I've been tossing around some ideas for a plant/seed/produce/tool-sharing site to grow a community around local gardeners, (urban, rural, and in-between.)

It seems a nice blend of [my interests in] web, software, ecology, and local community -- helping to build that economy/ecosystem that'll become necessary as our current concoction collapses, (as Kunstler continues to promise.)

I need a good project, but it might be more than I'm up for right now.

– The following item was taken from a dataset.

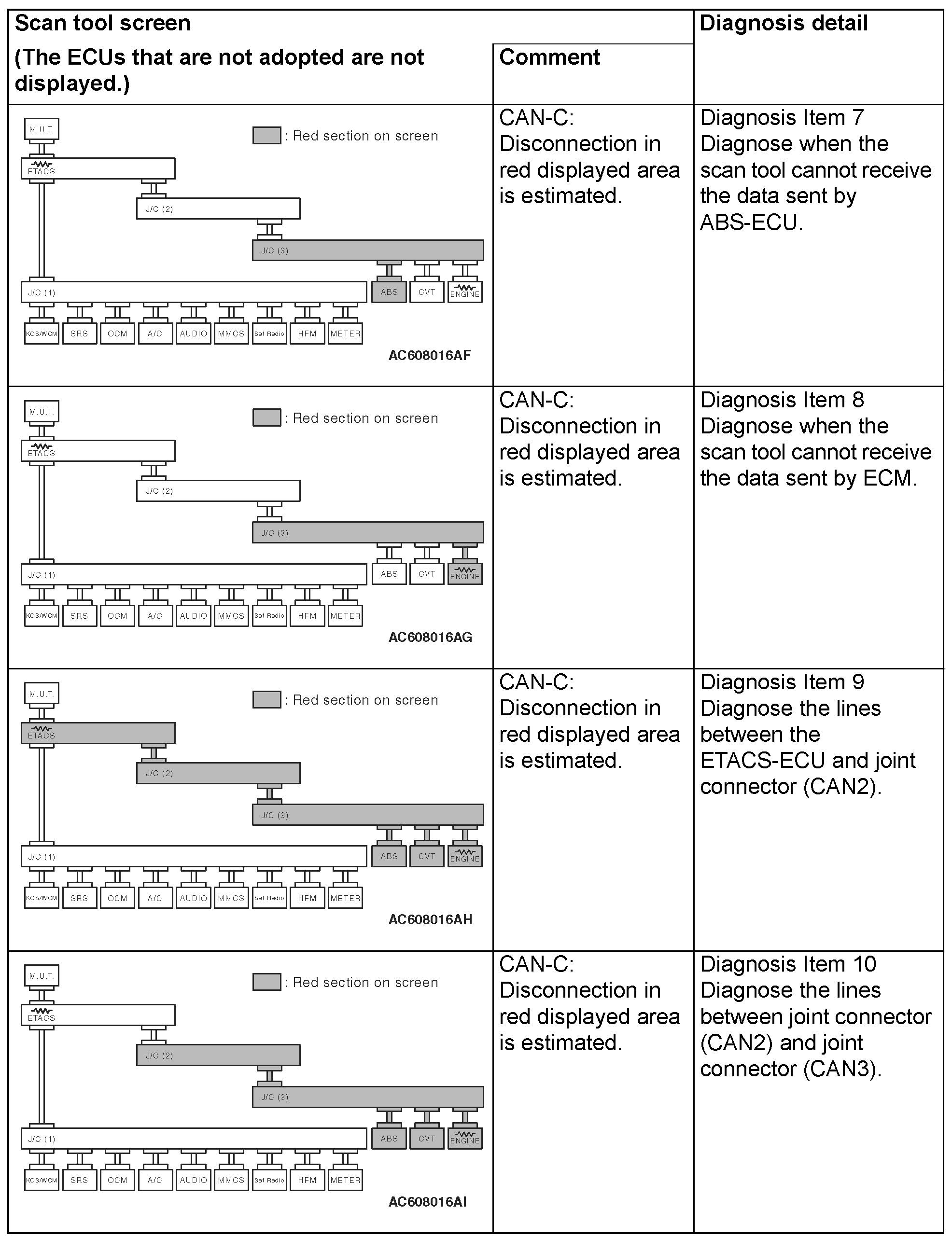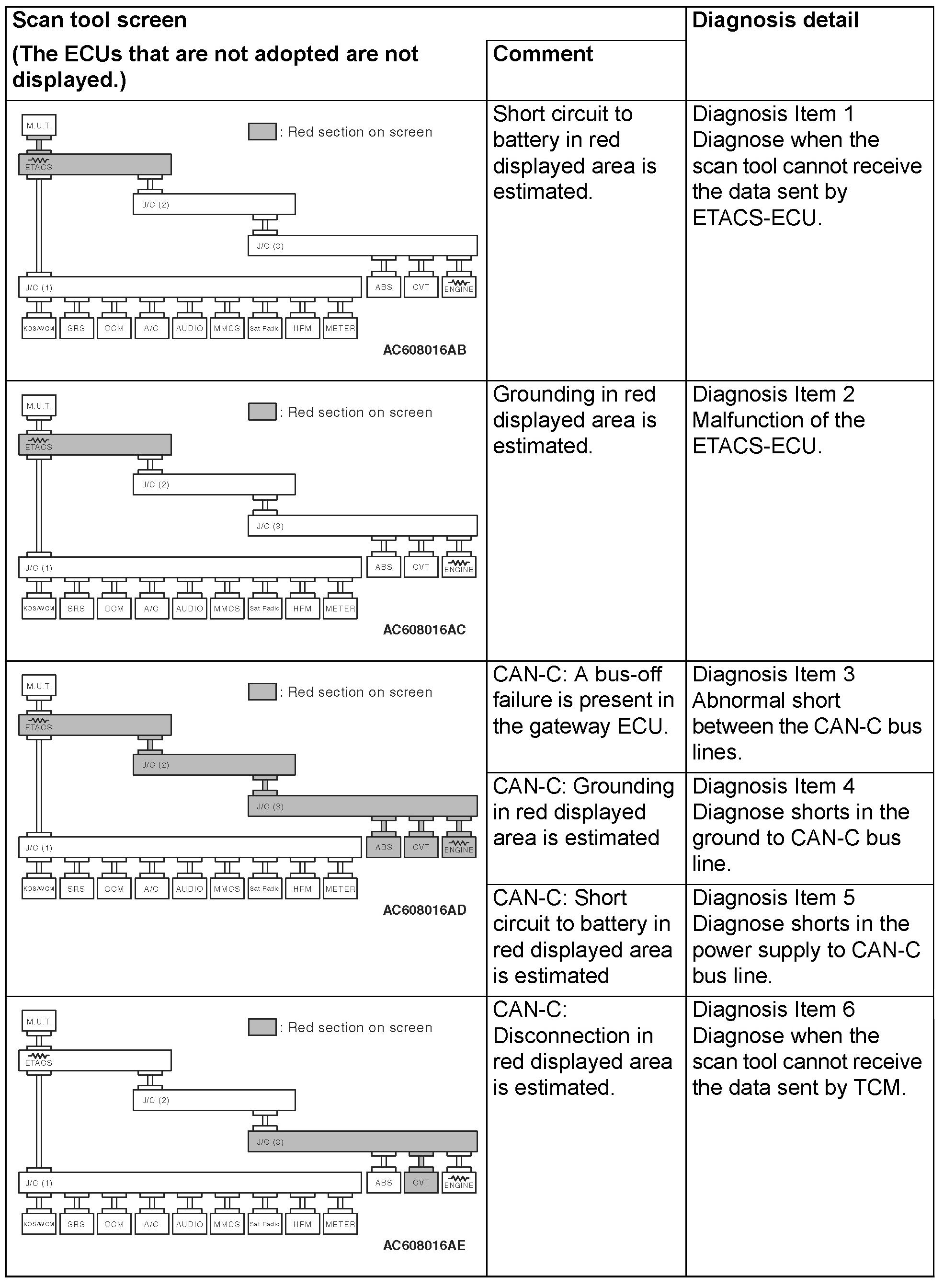 CAN Bus Diagnostics Table

Jul 06, 2007 - 23:29 ... Comments [5]

participation is passport to effective non-profits

Alex Steffen of WorldChanging suggests that a more personal and empowering kind of participation is becoming the key to maintaining healthy non-profits:

[...] I think that more and more, non-profits are going to be in the business of not so much maintaining memberships, which is what they have done up until now, where basically it's a series of one-to-many communication where you basically send people various form letters and ask them to give you money and to support what you are doing in other ways. I think that is on its way out.

I'm sure they will continue to exist for quite some time, but I think that non-profits that are going to be really effective in the coming decade are going to be the ones that create at least a sense of many-to-many communications, where people feel that they are not just a member, they are a participant [emphasis mine]; where there is lots of communication happening from people in all sorts of positions in the organization, and that there starts to be this blurring of the line, [...]

-- Alex Steffen, Sharing Solutions: An Interview with Alex Steffen of WorldChanging (NetSquared)

I read this and was reminded of Passport Project, a near-and-dear Cleveland non-profit whose maxim is: building community through the arts.

Passport Project is one of the reasons I'm still in Cleveland. I found their Global Community Arts Center (E. 128th and Buckeye) shortly after moving back here ~3 years ago, and began learning Capoeira there. Then some modern dance classes, jazz concerts by excellent (but little-known) musicians, workshops..., and before I knew it I was helping paint the side of the Center, going out with Chloë and Ben, hanging artwork before a party, performing in demos at the Walk & Roll, House of Blues, Parade the Circle...

Chloë and Ben do a great job of blurring those lines of participation. They take sincere interest in those who come share, and infect all with healthy laughter, openness, confidence, and Chloë's mantra of 100% Love. The students become the performers, participants grow into community, and all are invited to the party -- family.

Passport Project has a blog now. A community blog -- everyone can post.